SOURCE INFORMATION:

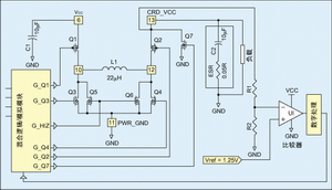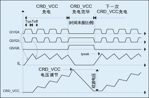 周期2:Q2及Q3開通,且存儲(chǔ)在電感L1中的能量通過Q2轉(zhuǎn)移到外接負(fù)載。在此階段,Q1/Q4及Q5/Q6關(guān)斷。電流流通周期是900ns恒定值(典型值),如果CRD_VCC電壓低于規(guī)定值,在這段時(shí)間以后重復(fù)周期1。
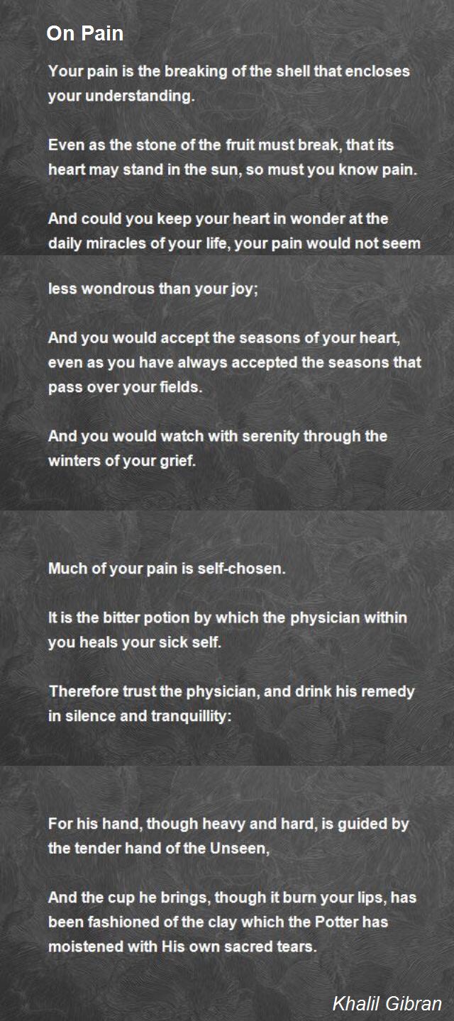 I’ve experienced pain throughout my life, both chronic and acute. This helps me to remember that there is something to be gained or learned from pain. But I’ve also learned that sometimes the pain is an indicator of self sacrifice and love, and sometimes it’s the voice of your conscience saying that you are doing the right thing. If only it came with a little discipline…doing the painful and right thing is tough, especially when making a choice. And sometimes, the choice is made for us, and there’s nothing we can do but muddle through it and take control of the little things in our life.
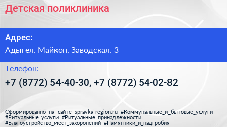 Детская поликлиника по адресу Адыгея, Майкоп, Заводская, 3 в дальнейшем Организация, размещена в следующих категориях:
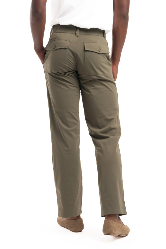 Un pantalón pensado para acompañarte todos los días con estilo y comodidad. Confeccionado en una tela ligera, duradera y transpirable, ofrece libertad de movimiento sin perder estructura. Su diseño de corte recto con bolsillos traseros de solapa y doble botón frontal lo convierten en un básico versátil, ideal para combinar con camisas o sobrecamisas en tonos neutros.
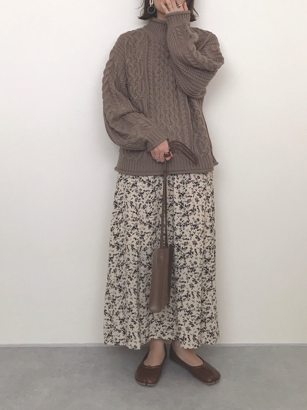 rumiのニット/セーター「モックネックケーブルニット」を使ったコーディネート
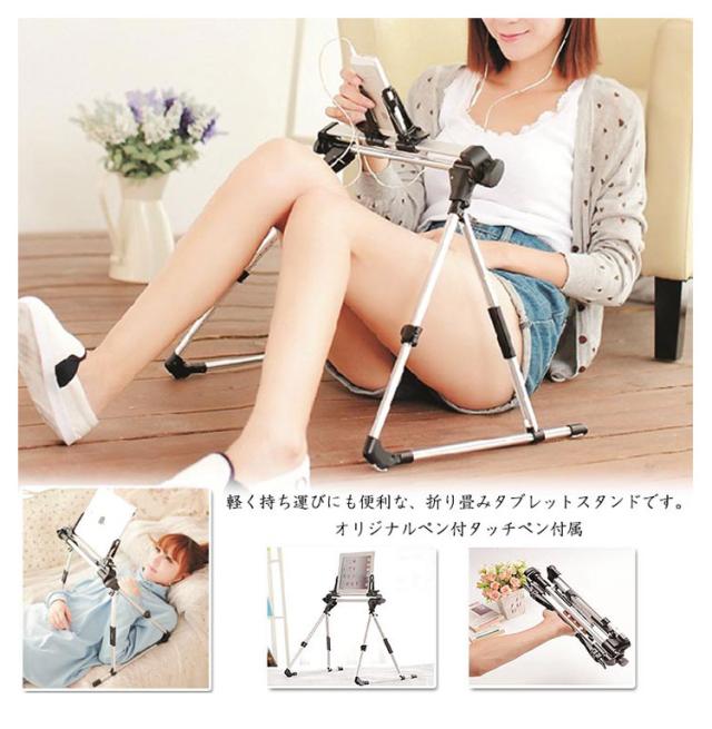 折りたたみ式 タブレット用スタンド どこでも寝ながらipad コンパクト 軽量 ペン付タッチペン付属
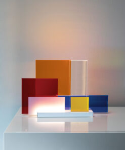 La base presenta 4 binari dove posizionare liberamente i differenti diffusori per creare infinite configurazioni di luce e trasparenze.
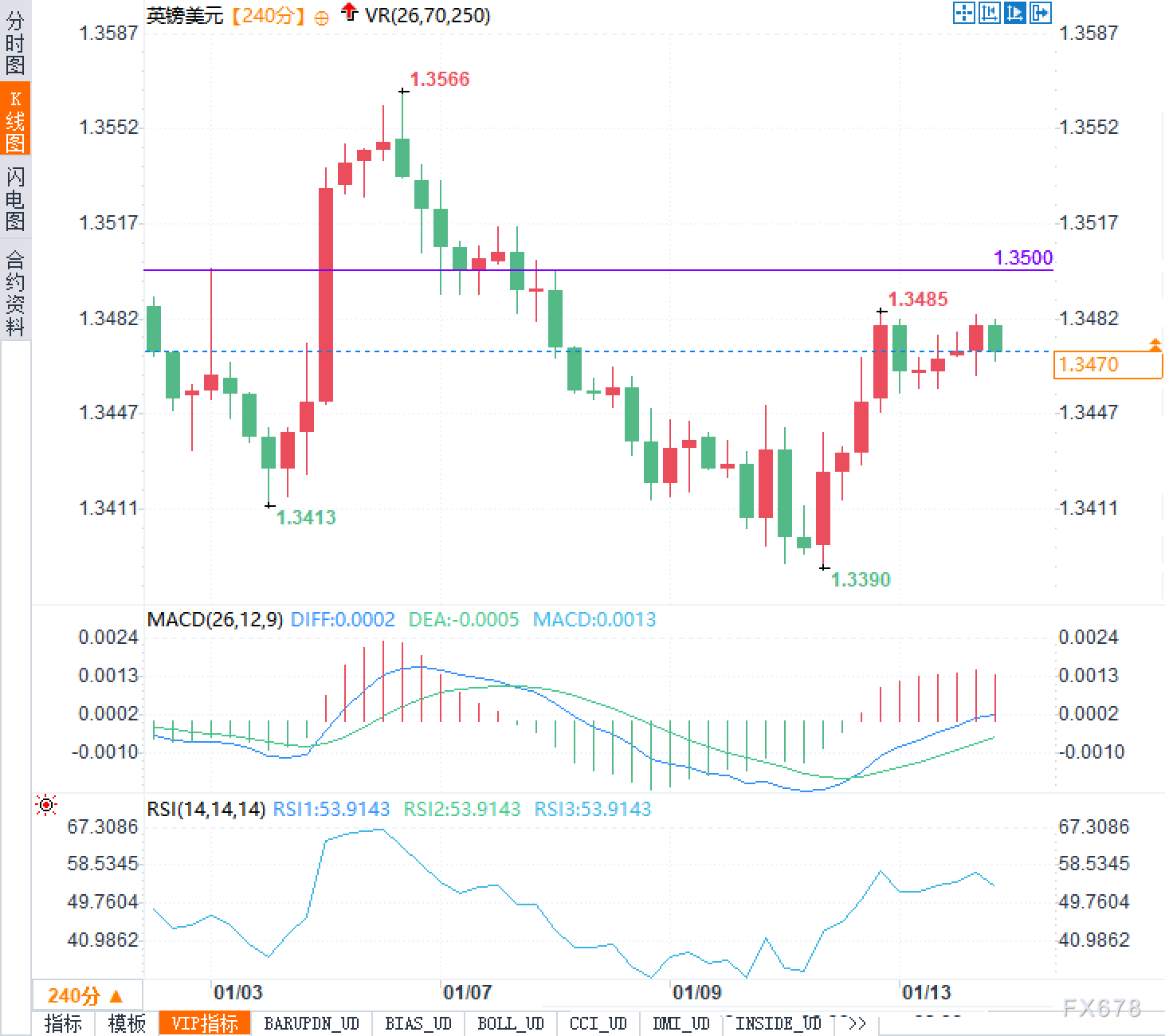 0英镑兑美元在经历周一的反弹后,周二(1月13日)继续走强,美市盘前交投于1.3470附近。市场情绪整体偏积极,但走势仍受制于上方关键技术位的压制。从图形结构来看,汇价在240分钟级别上正围绕1.3470区域整理,此前 ...

EXERCISE PROMPT: Please set down the whole listing exactly, apart from the pictures.

RESULT OF THIS TASK:
 周期2:Q2及Q3開通,且存儲(chǔ)在電感L1中的能量通過Q2轉(zhuǎn)移到外接負(fù)載。在此階段,Q1/Q4及Q5/Q6關(guān)斷。電流流通周期是900ns恒定值(典型值),如果CRD_VCC電壓低于規(guī)定值,在這段時(shí)間以后重復(fù)周期1。
 I’ve experienced pain throughout my life, both chronic and acute. This helps me to remember that there is something to be gained or learned from pain. But I’ve also learned that sometimes the pain is an indicator of self sacrifice and love, and sometimes it’s the voice of your conscience saying that you are doing the right thing. If only it came with a little discipline…doing the painful and right thing is tough, especially when making a choice. And sometimes, the choice is made for us, and there’s nothing we can do but muddle through it and take control of the little things in our life.
 Детская поликлиника по адресу Адыгея, Майкоп, Заводская, 3 в дальнейшем Организация, размещена в следующих категориях:
 Un pantalón pensado para acompañarte todos los días con estilo y comodidad. Confeccionado en una tela ligera, duradera y transpirable, ofrece libertad de movimiento sin perder estructura. Su diseño de corte recto con bolsillos traseros de solapa y doble botón frontal lo convierten en un básico versátil, ideal para combinar con camisas o sobrecamisas en tonos neutros.
 rumiのニット/セーター「モックネックケーブルニット」を使ったコーディネート
 折りたたみ式 タブレット用スタンド どこでも寝ながらipad コンパクト 軽量 ペン付タッチペン付属
 La base presenta 4 binari dove posizionare liberamente i differenti diffusori per creare infinite configurazioni di luce e trasparenze.
 0英镑兑美元在经历周一的反弹后,周二(1月13日)继续走强,美市盘前交投于1.3470附近。市场情绪整体偏积极,但走势仍受制于上方关键技术位的压制。从图形结构来看,汇价在240分钟级别上正围绕1.3470区域整理,此前 ...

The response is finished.